Scratchbuilding is lots of fun. You can work from plans, photos of real bridges, or your imagination. If you read up a bit on how real bridges are built, you can build a "plausible" model bridge, even if it's not an exact copy of a real one, or taken directly from a plan. 

good luck, have fun! 

Traction Fan :smilie_daumenpos:


----------



## flyboy2610 (Jan 20, 2010)

Here's part 1 of a scratch built trestle series:





This is not me, BTW.


----------



## tommy24a (Mar 4, 2016)

traction fan said:


> tommy24a;
> 
> The bridges in the following photos are some I built for my N-scale model railroad. The big steel trestle is a major kitbashing effort using parts from two, much modified, HO-scale, Micro Engineering "steel viaduct" kits and a half dozen N-scale 80' deck girder bridge kits from the same manufacturer.
> The rest of the bridges are all scratchbuilds. The small wood coal dump trestle was built from plans published in Model Railroader Magazine. The covered bridge was built from photos published in the book "Northwest Rail Pictorial." My model is based on the Allentown covered bridge that once stood south of Seattle Washington, which is where my model railroad is set.
> ...


Wow...very cool stuff! Just need to get some materials..wood? Plastic? 
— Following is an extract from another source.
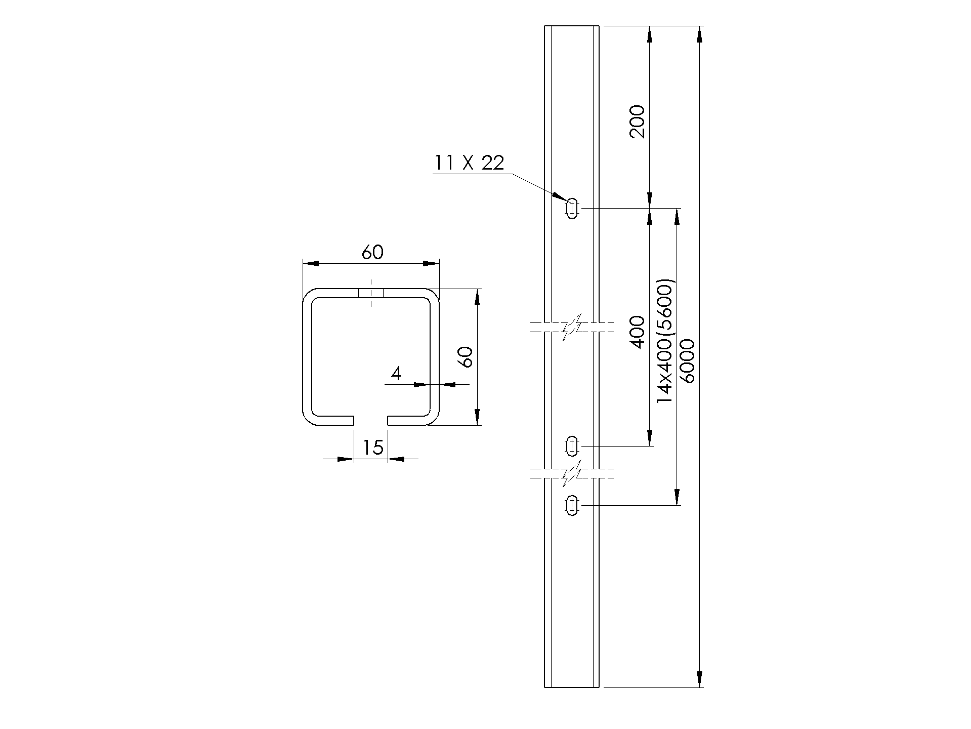 Führungsprofil mit Löchern Zn, 60x60x4mm, L6m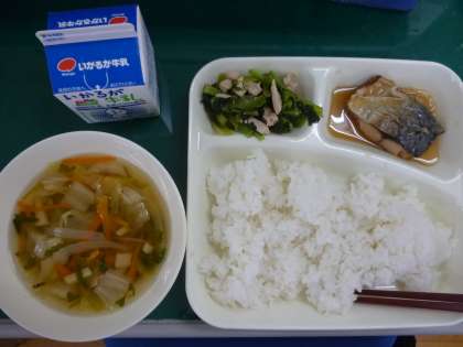 12月15日(木)の給食は、「さばのみぞれかけ」「すまし汁」「こまつなの煮びたし」でした。給食のすまし汁も、かつおぶしやこんぶでしっかりだしを取っているので、とても味わい深くておいしいです。

Sent from my LGL84VL using Tapatalk


----------



## tommy24a (Mar 4, 2016)

flyboy2610 said:


> Here's part 1 of a scratch built trestle series:
> https://www.youtube.com/watch?v=6-2bwC6snxA&t=5s
> 
> This is not me, BTW.


Thanks!

Sent from my LGL84VL using Tapatalk


----------



## mesenteria (Oct 29, 2015)

Micro Engineering 160' "Combination Bridge", four spans:










Built this trestle:


----------



## tommy24a (Mar 4, 2016)

mesenteria said:


> Micro Engineering 160' "Combination Bridge", four spans:
> 
> 
> 
> ...


I like that for sure! All wood? What scale?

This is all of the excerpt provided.